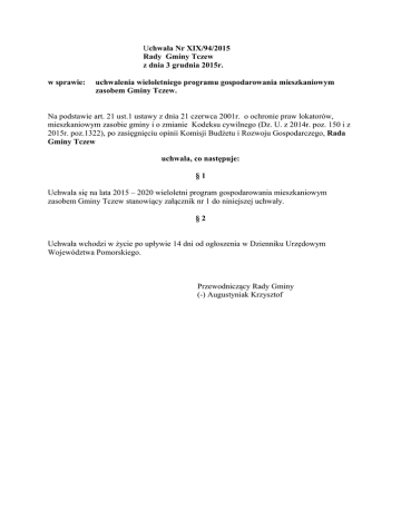 Uchwała Nr XIX/94/2015 Rady Gminy Tczew z dnia 3 grudnia 2015r. w sprawie: uchwalenia wieloletniego programu gospodarowania mieszkaniowym zasobem Gminy Tczew. Na podstawie art. 21 ust.1 ustawy z dnia 21 czerwca 2001r. o ochronie praw lokatorów, mieszkaniowym zasobie gminy i o zmianie Kodeksu cywilnego (Dz. U. z 2014r. poz. 150 i z 2015r. poz.1322), po zasięgnięciu opinii Komisji Budżetu i Rozwoju Gospodarczego, Rada Gminy Tczew uchwala, co następuje: §1 Uchwala się na lata 2015 – 2020 wieloletni program gospodarowania mieszkaniowym zasobem Gminy Tczew stanowiący załącznik nr 1 do niniejszej uchwały. §2 Uchwała wchodzi w życie po upływie 14 dni od ogłoszenia w Dzienniku Urzędowym Województwa Pomorskiego. Przewodniczący Rady Gminy (-) Augustyniak Krzysztof UZASADNIENIE Ustawa z dnia 21 czerwca 2001r. o ochronie praw lokatorów, mieszkaniowym zasobie gminy i o zmianie Kodeksu cywilnego nałożyła na Radę Gminy obowiązek uchwalenia wieloletniego programu gospodarowania mieszkaniowym zasobem gminy. Proponowany 5-letni program obejmuje: 1) prognozę dotyczącą wielkości oraz stanu technicznego zasobu mieszkaniowego gminy; 2) analizę potrzeb oraz stan remontów i modernizacji wynikający ze stanu technicznego budynków i lokali, z podziałem na kolejne lata; 3) planowaną sprzedaż lokali w kolejnych latach; 4) zasady polityki czynszowej; 5) sposób i zasady zarządzania lokalami i budynkami wchodzącymi w skład mieszkaniowego zasobu gminy oraz przewidywane zmiany w zakresie zarządzania mieszkaniowym zasobem; 6) źródła finansowania gospodarki mieszkaniowej; 7) wysokość wydatków w kolejnych latach; 8) opis innych działań mających na celu poprawę wykorzystania i racjonalizację gospodarowania mieszkaniowym zasobem gminy. Załącznik do Uchwały Nr XIX/94/2015 Rady Gminy Tczew z dnia 3 grudnia 2015r. PROGRAM GOSPODAROWANIA MIESZKANIOWYM ZASOBEM GMINY NA LATA 2015-2020. I. PROGNOZA DOTYCZĄCA WIELKOŚCI ORAZ STANU TECHNICZNEGO ZASOBU MIESZKANIOWEGO. Zakłada się, że w latach 2015-2020 przy utrzymaniu dotychczas obowiązujących zasad sprzedaży , ustalonych odrębną Uchwałą Nr XXIV/412/2004 Rady Gminy Tczew z dnia 24 listopada 2004r. w sprawie przyznawania pierwszeństwa oraz ulg w nabywaniu lokali mieszkalnych stanowiących gminny zasób nieruchomości, w wyniku dokonanych sprzedaży na koniec 2020r. liczba lokali komunalnych zmniejszy się o 10%. Gmina posiada w swoim zasobie 12 lokali wyodrębnionych jako lokale socjalne w miejscowości Boroszewo nr 36, 1 lokal socjalny w miejscowości Łukocin nr 14, 1 lokal socjalny w miejscowości Bałdowo, ul. Miłosza 11 oraz 15 lokali komunalnych. Sprzedaż mieszkań komunalnych będzie miała wpływ na poziom uzyskanych wpływów czynszowych. Obecny stan techniczny budynków i lokali nie jest zadowalający, co wynika głównie z faktu, iż zasoby mieszkaniowe gminy, poza małymi wyjątkami, powstały przed 1945 rokiem lub tuż po wojnie. II. ANALIZA POTRZEB ORAZ PLAN REMONTÓW: Zakłada się, iż dotychczas przeprowadzane na bieżąco konieczne remonty oraz remonty planowane w okresie 2015-2020r. pozwolą na utrzymanie stanu technicznego zasobów na niepogorszonym poziomie. Do najpilniejszych potrzeb remontowych gminnego zasobu mieszkaniowego w latach 2015 – 2020 należą: remonty dachów, obróbek blacharskich, opierzeń, osuszanie budynków. Niezbędna jest wymiana stolarki okiennej, remonty podłóg, remonty pieców kaflowych i systemów grzewczych. Wykaz niezbędnych prac remontowych do wykonania na przestrzeni lat 2015 - 2020 Miejscowość Nr budynku 1. 2. 3. 4. 5. Swarożyn Turze Stanisławie Mieścin Stanisławie Szkolna 4 Długa 7 36 5 Przewidywany roku remontu 2017 2015/2020 2017 2015/2020 2015/2020 6. Boroszewo 36 2015/2020 7. Łukocin 14 2015/2020 Lp. Potrzeby remontowe Wymiana stolarki okiennej Według bieżących potrzeb Wymiana stolarki okiennej Według bieżących potrzeb Według bieżących potrzeb Wykonanie izolacji fundamentów i konserwacja dachu, remont i malowanie klatek schodowych Naprawa i konserwacja dachu, naprawa elewacji, wyremontowanie klatki schodowej, ułożenie tynków i malowanie 8. III. Bałdowo Miłosza 11 2016 Remont C.O. oraz instalacji elektrycznej ZASADY POLITYKI CZYNSZOWEJ. 1. Stawki czynszu za wynajem lokali mieszkalnych ustalane są przez Wójta Gminy Tczew w drodze zarządzenia. Wyłącznym dysponentem lokali tworzących mieszkaniowy zasób jest Wójt Gminy Tczew. Lokale mieszkalne stanowiące mieszkaniowy zasób gminy przeznaczone są na: - wynajem na ogólnych zasadach stosownie do ustawy z dnia 21.06.2001r. o ochronie praw lokatorów, mieszkaniowym zasobie gminy i zmianie Kodeksu cywilnego (t. j. Dz. U. z 2014r. poz. 150); - wynajem lokali socjalnych. 2. W stosunku do stawki czynszu, o której mowa w ust. 1 ustala się czynniki obniżające wartość użytkową lokalu, obniżające stawkę czynszu: - dla lokali wspólnych, w których poszczególne izby najmowane są przez 2 lub więcej najemców, a pozostałe pomieszczenia używane są wspólnie - 5% -za stwierdzony ogólny zły stan techniczny budynku (budynek zakwalifikowany do remontu kapitalnego lub rozbiórki) - 10% - za brak urządzeń i instalacji technicznych - 1% - dla lokali z bezpośrednim wejściem do izby użytkowej - 2% - dla lokali z kuchnią bez bezpośredniego oświetlenia naturalnego - 5% 3. Czynniki określone w ust. 2 nie mają zastosowania do stawek czynszu za lokale socjalne. IV. SPOSÓB I ZASADY ZARZĄDZANIA LOKALAMI I BUDYNKAMI WCHODZĄCYMI W SKŁAD ZASOBÓW MIESZKANIOWYCH GMINY. 1.Aktualnie zarządzaniem lokalami i budynkami wchodzącymi w skład zasobów mieszkaniowych zajmuje się Gmina oraz dwoma lokalami położonymi w Swarożynie przy ul. Szkolnej – wspólnota. Nie przewiduje się zmian w tym zakresie. 2.Wójt gminy może wyłączyć ze sprzedaży lokale będące niezbędne do realizacji celów gminy. 3.Wójt Gminy musi wyrazić zgodę na dokonanie zamiany mieszkań będących w jego
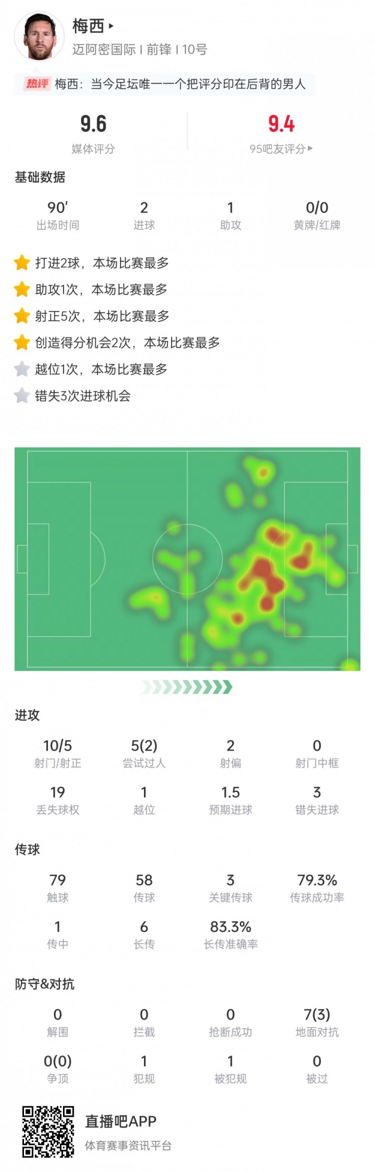 此役梅西踢满全场,2射1传匡助迈阿密外洋取胜,他当选本场比赛最好球员。
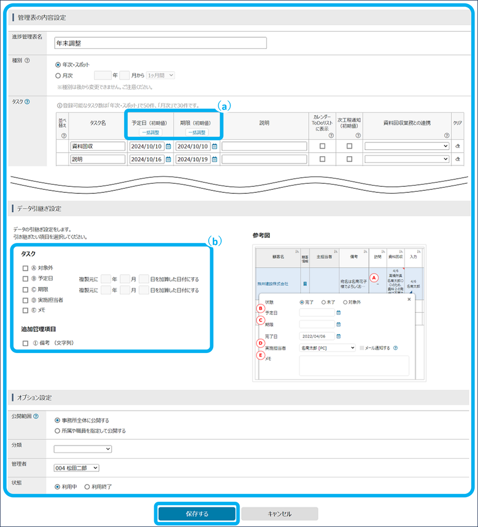 複製元の管理表から、タスク・追加管理項目のデータを引き継ぐことができます。
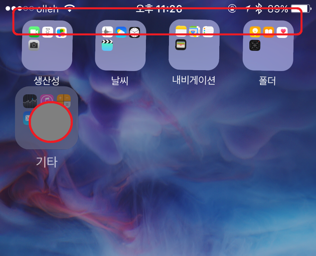 Step2. 홈화면의 앱 아이콘이나 폴더를 길게 누르고 있으면 앱 또는 폴더를 다른 곳으로 이동할 수 있는 편집모드가 됩니다. 이때 '폴더 안으로 들어갈' 폴더를 누른 상태에서 '폴더를 받을' 폴더의 윗 부분과 상태바 부분을(빨간네모박스)계속 터치합니다.
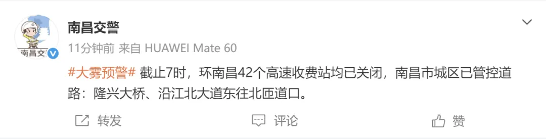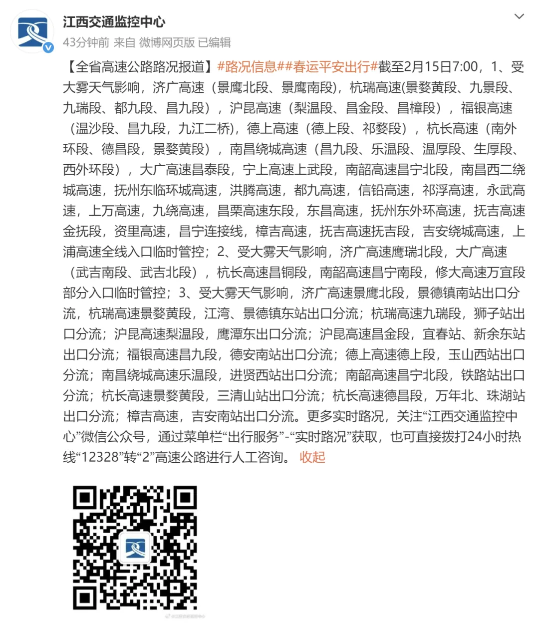 截至2月15日7:00,1、受大雾天气影响,济广高速(景鹰北段、景鹰南段),杭瑞高速(景婺黄段、九景段、九瑞段、都九段、昌九段),沪昆高速(梨温段、昌金段、昌樟段),福银高速(温沙段、昌九段,九江二桥),德上高速(德上段、祁婺段),杭长高速(南外环段、德昌段,景婺黄段),南昌绕城高速(昌九段、乐温段、温厚段、生厚段、西外环段),大广高速昌泰段,宁上高速上武段,南韶高速昌宁北段,南昌西二绕城高速,抚州东临环城高速,洪腾高速,都九高速,信铅高速,祁浮高速,永武高速,上万高速,九绕高速,昌栗高速东段,东昌高速,抚州东外环高速,抚吉高速金抚段,资里高速,昌宁连接线,樟吉高速,抚吉高速抚吉段,吉安绕城高速,上浦高速全线入口临时管控;
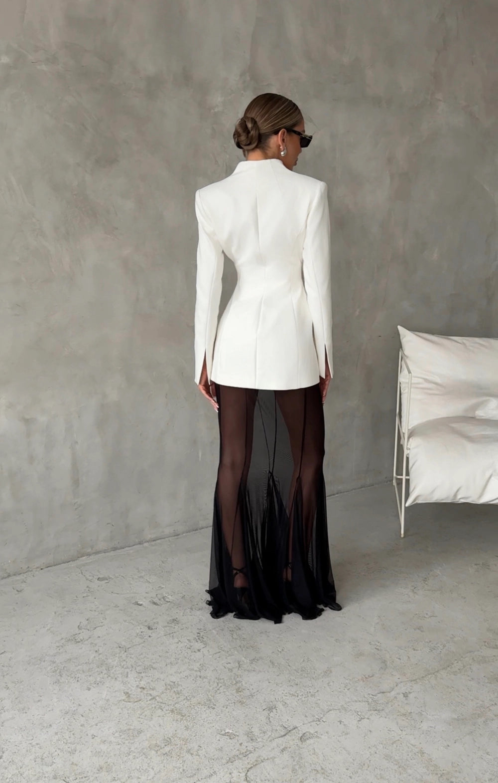 Rochie damă Maison Loulou, realizată din două piese: sacou cambrat cu croială elegantă și fustă lungă din voal fin, cu linii fluide. Un design spectaculos și sofisticat, creat în atelierul nostru, ce combină structura modernă a sacoului cu delicatețea materialului diafan pentru un look feminin și memorabil. Ideală pentru evenimente de seară și ocazii speciale.
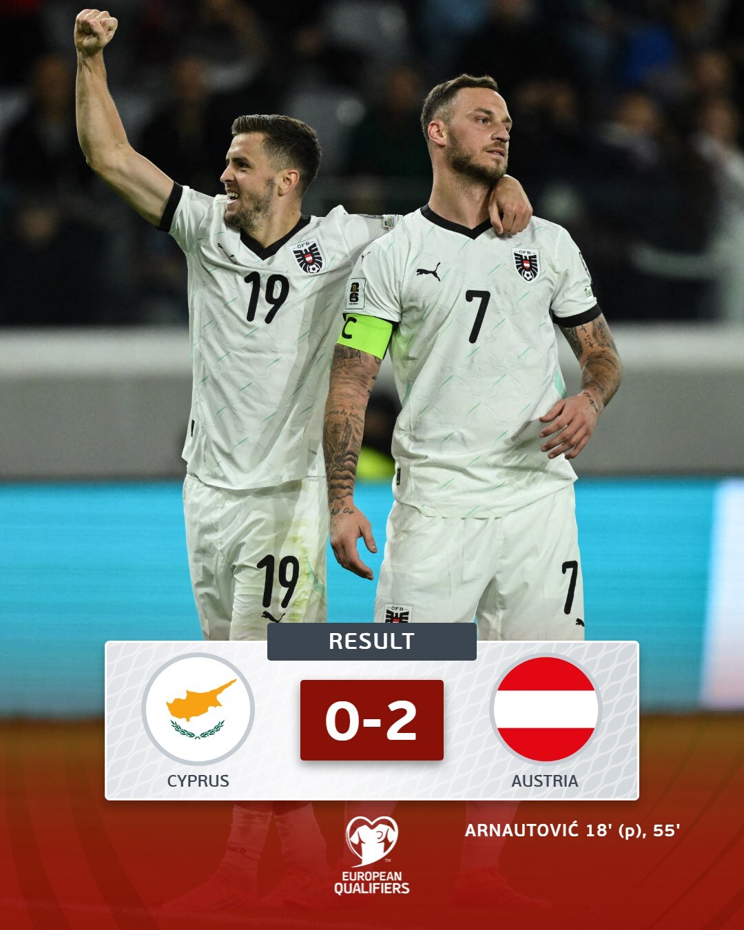 Chung cuộc, nhờ cú đúp bàn thắng của Arnautovic, Áo đánh bại Đảo Síp 2-0 để đứng vững ngôi đầu bảng H, thắng 6 và để thua duy nhất 1 trận. Họ đang hơn đội nhì bảng Bosnia (2 điểm) và nắm quyền tự quyết trong tay.
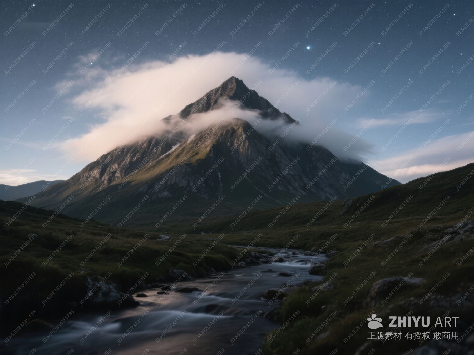 夜幕下的山峰与溪流 509
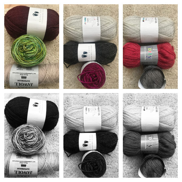 Geworden ist es nun also als Hauptfarbe ein hellgraues Sockengarn von Hobbii, die Happy Feet Solid, die es glaube ich nicht mehr gibt. Und als Kontrastfarben zwei Mal Discountersockenwolle. Nämlich die rote als Rest von der ersten Runde (IpomoeaSocks) und ein dunkelgraues Garn, aus dem ich meine PillaSocks als Teststrick für Sockshype gestrickt hatte. Alles keine superflauschigen Luxusgarne, wobei die Hobbii-Wolle extrem weich ist für ein Nicht-Merino-Garn. Aber dadurch, dass beim Colourwork quasi immer zwei Lagen Wolle (Gestrick+Spannfäden) entstehen, sind die fertigen Socken so weich und warm. Super schön.
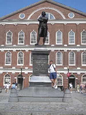 Jane and statue of Samuel Adams in front of Faneuil Hall.
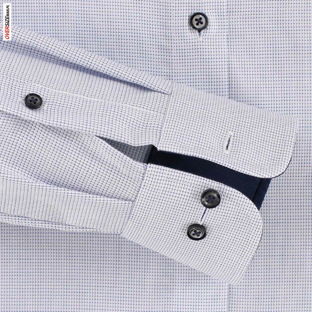 Koszula należy do linii NON IRON, dzięki czemu drobne zagniecenia samoczynnie prostują się po założeniu, zapewniając zawsze nienaganny wygląd. Posiada klasyczny kołnierzyk typu button-down z granatowym podbiciem oraz ciemne guziki, a rękawy zakończone są standardowymi mankietami. Błękitno-granatowa, delikatna kratka nadaje koszuli eleganckiego i uniwersalnego charakteru. Szukając innych wysokiej jakości koszul w dużych rozmiarach, warto odwiedzić sklep z dużą odzieżą męską.
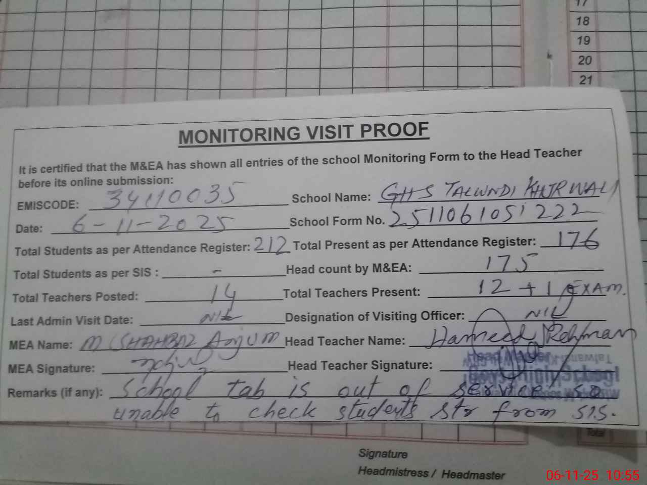 | EMIS Code: 34110035 | Name of School: GHS TALWANDI KHAJOOR WALI | |||
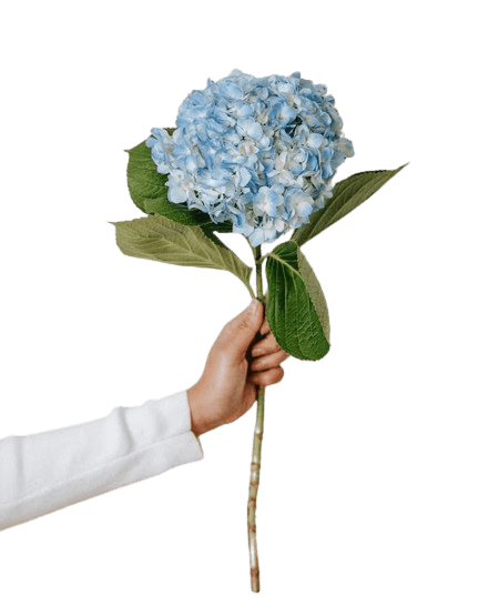 In this example, we delete the alpha channel around a hortensia flower in a PNG image. The transparent regions containing the alpha channel get replaced with a linear gradient that transitions smoothly from the bottom to the top and consists of two colors: powder blue and azure. (Source: Pexels.)

****************************************

- EXERCISE BRIEF -
From the line containing "KHAJOOR WALI | |||" through the end of the entries, quote each line exactly and nothing else, excluding all pictures.

- SOLUTION -
 | EMIS Code: 34110035 | Name of School: GHS TALWANDI KHAJOOR WALI | |||
 In this example, we delete the alpha channel around a hortensia flower in a PNG image. The transparent regions containing the alpha channel get replaced with a linear gradient that transitions smoothly from the bottom to the top and consists of two colors: powder blue and azure. (Source: Pexels.)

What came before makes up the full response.